■ TASK TO CARRY OUT ■
Every line of the data below must be output exactly, with images left out.

[[ INPUT FOR THIS TASK open ]]

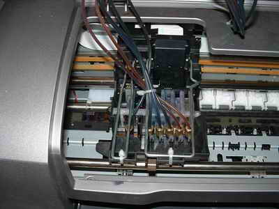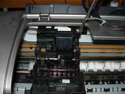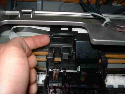 接著在用螺絲刀擰下固定打印頭的螺絲,小心的拔下排線,摘下打印頭。
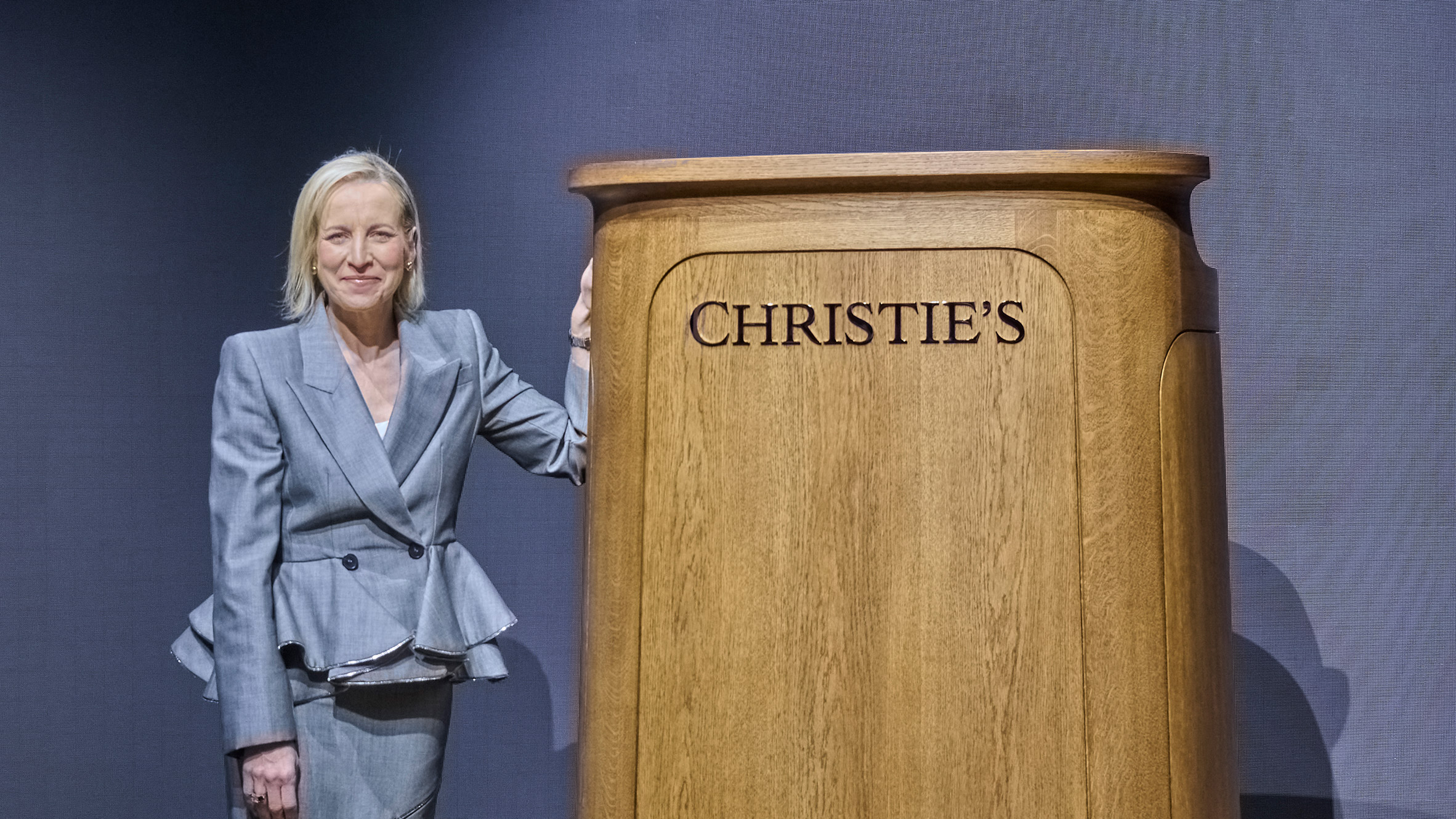 “El propósito del podio es elevar literal y figurativamente el estatus de los subastadores, proporcionando un escenario para su autoridad y experiencia que lleva con orgullo el logotipo de Christie’s”, dijo Ivey.
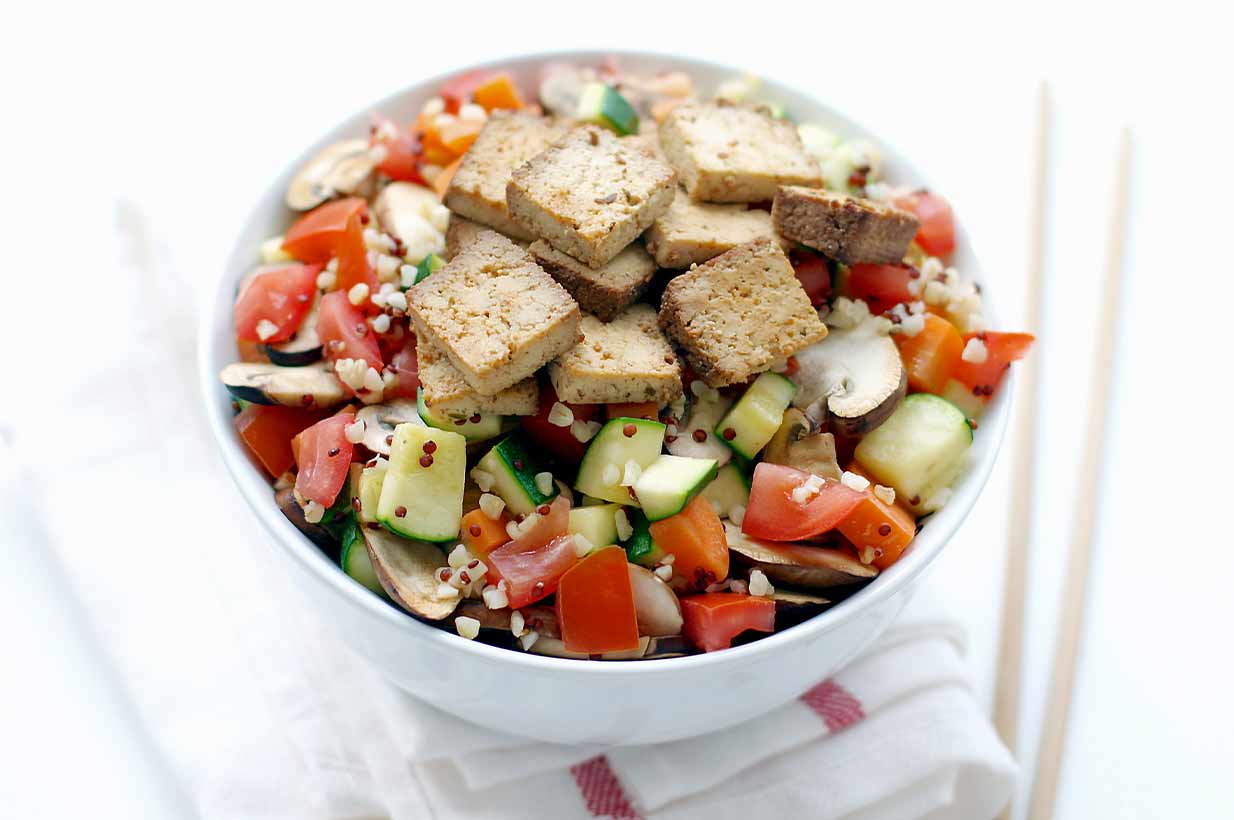 Nun das Gemüse, samt den Tomaten, die nicht gebraten wurden, mit dem Quinoa-Bulgur Mix in einer Schüssel vermengen und den Tofu hinzufügen.
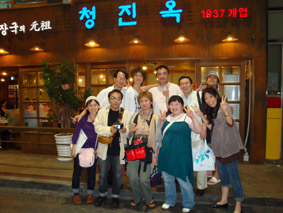 ソウル初日の夜、チョンジノッの前で、渡韓した8人にみんとが加わり、さらに、店から出て来た、日本が大好きだというアジョシ(後ろの左端)も加わって記念写真/24時間営業だから、この近くに泊まったら何時まででも飲んでいられる!
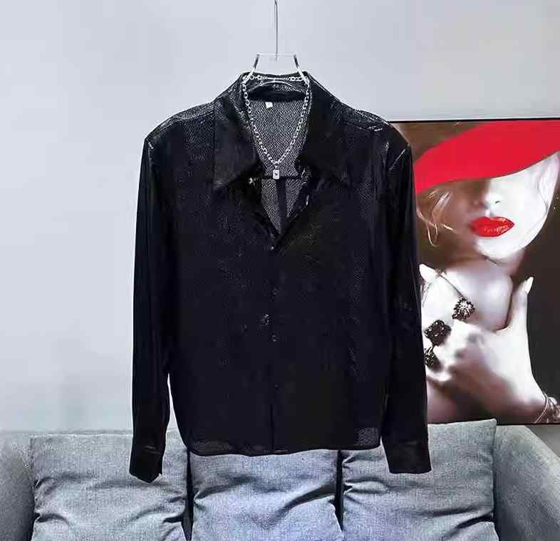 メンズ トップス シアーシャツ アメリカ ロック 個性的 ヘビ革風 デザイン 黒 ブラック 透け感 シャツ カジュアル 薄手 紳士 シースルー セクシー ステージ ダンサー 衣装 シック
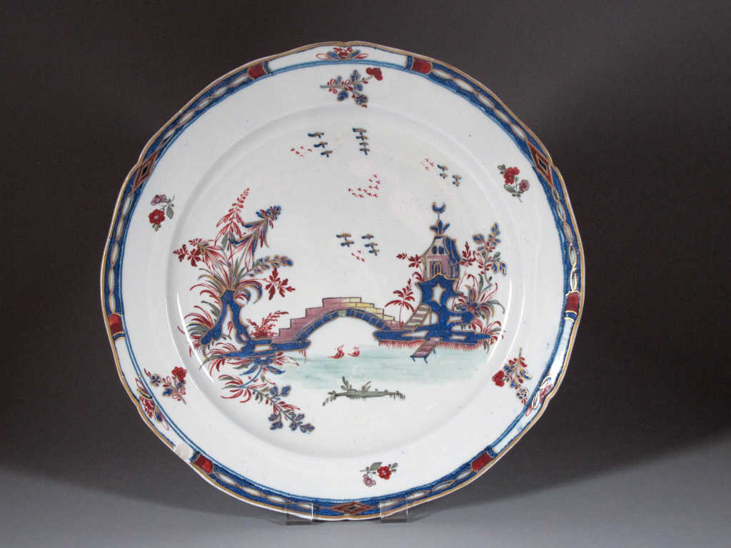 Flowering twigs on the wing. Galon blue background with three flowers reserves over the edge. Brand: anchor in red on the back, Cozzi factory. Eighteenth century, around 1770-1775. Diam. : 31.2 cm. (A burst on the edge)
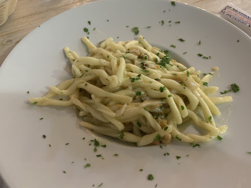 Il servizio non è dei migliori...forse ci sarà capitato il cameriere sbagliato ma partendo dal presupposto che nemmeno ci siamo seduti al tavolo per chiederci da bere, senza consegnarci una carta dei vini; ordiniamo antipasto una degustazione di freddo/caldo, considerando che siamo in due, ci arriva un piatto piccolino, al che chiediamo se fosse per due e ci viene risposto che normalmente è per una persona ma "potete condividerlo"...scusa tanto io faccio un ordine considerando di mangiare in due e non mi specifichi per quante persone è? ...poi arrivano gli altri piatti : catalana di gamberoni, buoni, ma gamberoni non erano, inondati di pomodori e un po' di cipolla; normalmente i crostacei nalla catala vanno serviti sgusciati, e comunque il piatto sapeva solo di pomodori. Primo piatto di tagliolino fresco con vongole.......sapeva solo di vino, orribile; comunque ci è stato cambiato, probabilmente non lo hanno sfumato più nel vino, e non era comunque la spaghettata di vongole che si dovrebbe mangiare in località di mare. Il locale mi è piaciuto, caratteristico e intimo, però in un periodo così caldo dovreste dare l'opportunità di mangiare con l'aria...
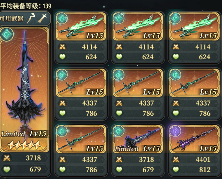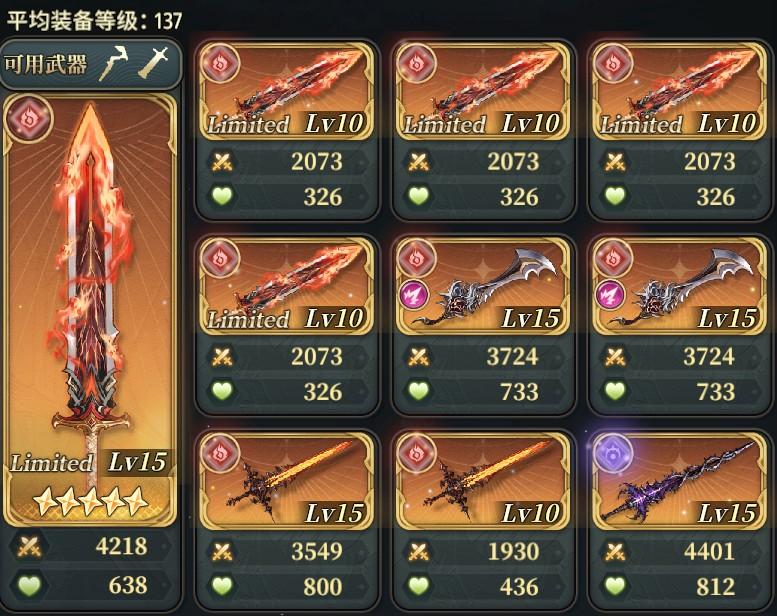 1主手武器(可释放主动技能武器)+5~6主力武器(神魔自选)+1~2补充武器(与主力武器属性相反)+ 1黑叔叔武器(康斯洛特掉落武器) + 1EX武器(大幅提升伤害上限的武器)+1自由武器位(补需要的乘区)
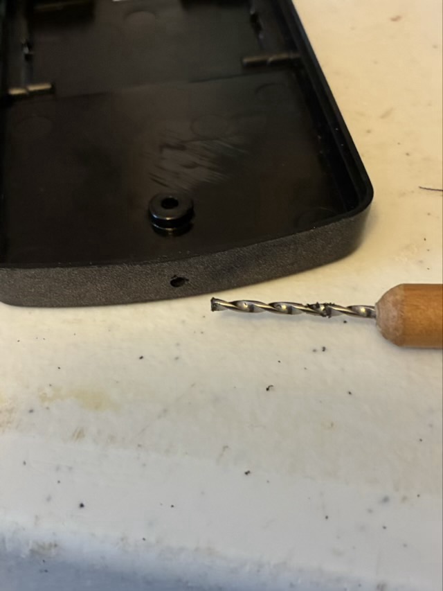 The back of this kind of pitch pipe removes with a single screw. Use the smallest drill bit possible to drill the hole through the thick section of the plastic. Head pins are available in the jewelry section of most hobby stores, as are split rings. I used a clip-on strap from a small purse.

[[ INPUT FOR THIS TASK closed ]]

■ WRITTEN ANSWER ■
 接著在用螺絲刀擰下固定打印頭的螺絲,小心的拔下排線,摘下打印頭。
 “El propósito del podio es elevar literal y figurativamente el estatus de los subastadores, proporcionando un escenario para su autoridad y experiencia que lleva con orgullo el logotipo de Christie’s”, dijo Ivey.
 Nun das Gemüse, samt den Tomaten, die nicht gebraten wurden, mit dem Quinoa-Bulgur Mix in einer Schüssel vermengen und den Tofu hinzufügen.
 ソウル初日の夜、チョンジノッの前で、渡韓した8人にみんとが加わり、さらに、店から出て来た、日本が大好きだというアジョシ(後ろの左端)も加わって記念写真/24時間営業だから、この近くに泊まったら何時まででも飲んでいられる!
 メンズ トップス シアーシャツ アメリカ ロック 個性的 ヘビ革風 デザイン 黒 ブラック 透け感 シャツ カジュアル 薄手 紳士 シースルー セクシー ステージ ダンサー 衣装 シック
 Flowering twigs on the wing. Galon blue background with three flowers reserves over the edge. Brand: anchor in red on the back, Cozzi factory. Eighteenth century, around 1770-1775. Diam. : 31.2 cm. (A burst on the edge)
 Il servizio non è dei migliori...forse ci sarà capitato il cameriere sbagliato ma partendo dal presupposto che nemmeno ci siamo seduti al tavolo per chiederci da bere, senza consegnarci una carta dei vini; ordiniamo antipasto una degustazione di freddo/caldo, considerando che siamo in due, ci arriva un piatto piccolino, al che chiediamo se fosse per due e ci viene risposto che normalmente è per una persona ma "potete condividerlo"...scusa tanto io faccio un ordine considerando di mangiare in due e non mi specifichi per quante persone è? ...poi arrivano gli altri piatti : catalana di gamberoni, buoni, ma gamberoni non erano, inondati di pomodori e un po' di cipolla; normalmente i crostacei nalla catala vanno serviti sgusciati, e comunque il piatto sapeva solo di pomodori. Primo piatto di tagliolino fresco con vongole.......sapeva solo di vino, orribile; comunque ci è stato cambiato, probabilmente non lo hanno sfumato più nel vino, e non era comunque la spaghettata di vongole che si dovrebbe mangiare in località di mare. Il locale mi è piaciuto, caratteristico e intimo, però in un periodo così caldo dovreste dare l'opportunità di mangiare con l'aria...
 1主手武器(可释放主动技能武器)+5~6主力武器(神魔自选)+1~2补充武器(与主力武器属性相反)+ 1黑叔叔武器(康斯洛特掉落武器) + 1EX武器(大幅提升伤害上限的武器)+1自由武器位(补需要的乘区)
 The back of this kind of pitch pipe removes with a single screw. Use the smallest drill bit possible to drill the hole through the thick section of the plastic. Head pins are available in the jewelry section of most hobby stores, as are split rings. I used a clip-on strap from a small purse.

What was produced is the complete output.